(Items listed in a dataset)
··········

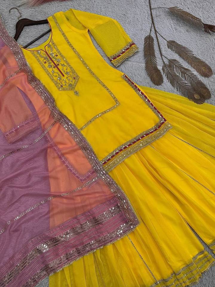 Party Wear Kundan Organza Silk Beautiful Embroidery And Sequence Work And Readymade Lace Border Top and Palazzo With Dupatta
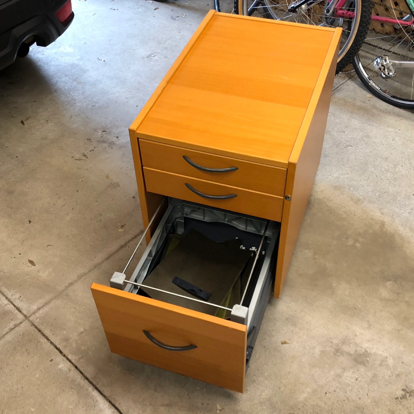 Light wood mobile filing cabinet. Three drawers, black handles. Wheels for easy mobility. Good for office or home use.
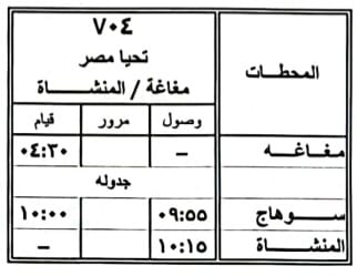 - اعتبارا من يوم السبت 20 مايو 2023 يتم امتداد مسير قطاري 704 / 703 ركاب مغاغة / سوهاج والعكس لمحطة المنشأة بدلًا من انتهاءه بمحطة سوهاج طبقًا للجدول المرفق.
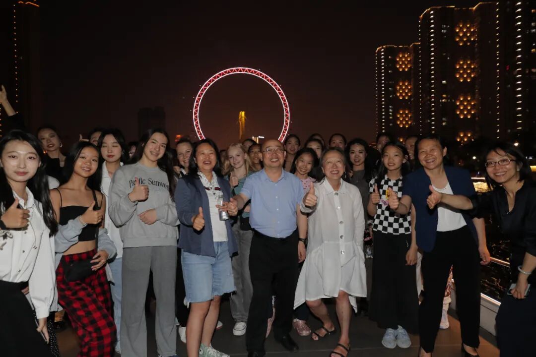 代表团甫一抵津,天津师范大学就举行了欢迎仪式。师大师生与代表团成员交流谈心,第一时间拉近距离,共同营造了热情友好、积极活泼的氛围。师大还精心准备了熊猫布偶赠给代表团成员,获得一阵阵欢呼和好评。晚间,代表团与师大学生共同乘船考察海河沿线改造工程,体验杨柳青年画、毛笔书法等我市经典非遗文化。在海河两岸的美丽夜景中,在清风徐来的游船甲板上,来自相距万里的中美两国青少年手拿着年画、福字,用中文和英语倾心交谈,真正体现了“志合者,不以山海为远”。
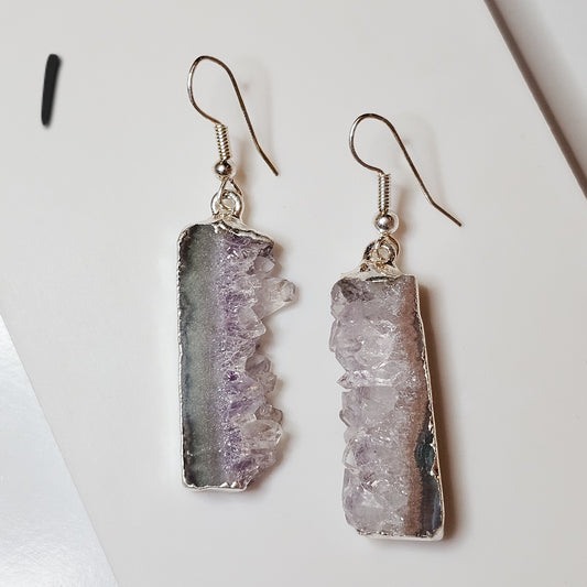 Amethyst Stalactite Sterling Silver Plated Hypo-Allergenic Earrings

··········

Drop the images, then copy the data exactly.

RESPONSE BOX -
 Party Wear Kundan Organza Silk Beautiful Embroidery And Sequence Work And Readymade Lace Border Top and Palazzo With Dupatta
 Light wood mobile filing cabinet. Three drawers, black handles. Wheels for easy mobility. Good for office or home use.
 - اعتبارا من يوم السبت 20 مايو 2023 يتم امتداد مسير قطاري 704 / 703 ركاب مغاغة / سوهاج والعكس لمحطة المنشأة بدلًا من انتهاءه بمحطة سوهاج طبقًا للجدول المرفق.
 代表团甫一抵津,天津师范大学就举行了欢迎仪式。师大师生与代表团成员交流谈心,第一时间拉近距离,共同营造了热情友好、积极活泼的氛围。师大还精心准备了熊猫布偶赠给代表团成员,获得一阵阵欢呼和好评。晚间,代表团与师大学生共同乘船考察海河沿线改造工程,体验杨柳青年画、毛笔书法等我市经典非遗文化。在海河两岸的美丽夜景中,在清风徐来的游船甲板上,来自相距万里的中美两国青少年手拿着年画、福字,用中文和英语倾心交谈,真正体现了“志合者,不以山海为远”。
 Amethyst Stalactite Sterling Silver Plated Hypo-Allergenic Earrings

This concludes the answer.